Night of the Hunter (1955)

Night of the Hunter (1955), directed by Charles Laughton.

This is an exceedingly strange film. Purely as a thriller, Cape Fear (1962) is a better Robert Mitchum picture, but this one has more dimensions and people talk about it more. Laughton's only film as director, it is better liked now than when it was made.

It's a collage of style and tone, sometimes subtle, at other times obvious. Mitchum is at first a comic villain, but then sadistic and crazy. The action can be cartoonish, as when he charges up the cellar stairs. It's often called a fable or fairy tale and perhaps some of the mood comes from the children's point of view, but the material is all mixed together.

It's good in a thriller to see a suspicious kid like John, who has the Preacher's number from the outset and is capable in a survival situation. In the end he doesn't want Mitchum shackled or hung; bad as he is, the Preacher is a type of Father. Such is the confusion of loyalties and emotions.

Many striking images, with a couple of gorgeous segments. The first is when the children escape and are bourn away on the river, surrounded by innocent nature, and Pearl sings her eerie little song. The river takes them to Lillian Gish (whose first film was in 1912 at age 9). She's a saintly tough woman with a shotgun; good thing, too.
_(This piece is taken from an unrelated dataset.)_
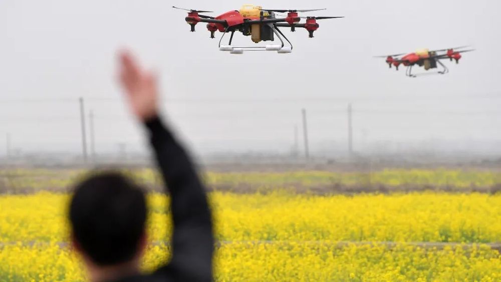 南昌市南昌县蒋巷镇,无人机在进行油菜植保作业。油菜是中国种植面积最大的油料作物,冬油菜种植面积占全国油菜总面积的90%以上。(新华社记者 彭昭之摄)

A second fine scene is when Gish is sitting up at night, on guard while Mitchum is outside the house watching. He starts that hymn ("Leaning on the Everlasting Arms") and she sings along. It's like an angel and a devil singing the same words but with entirely different intent. Yet they harmonize. When she shoots him he howls like an ape or a demon.

I'd forgotten the last act. What's with the drunken lynch mob scene? We finish with a glimpse of homely paradise and Gish's homily on the endurance of children.

Available on Criterion Blu-ray, which uses the original 1.66 aspect ratio. My thumbnails are from a 1.33 DVD.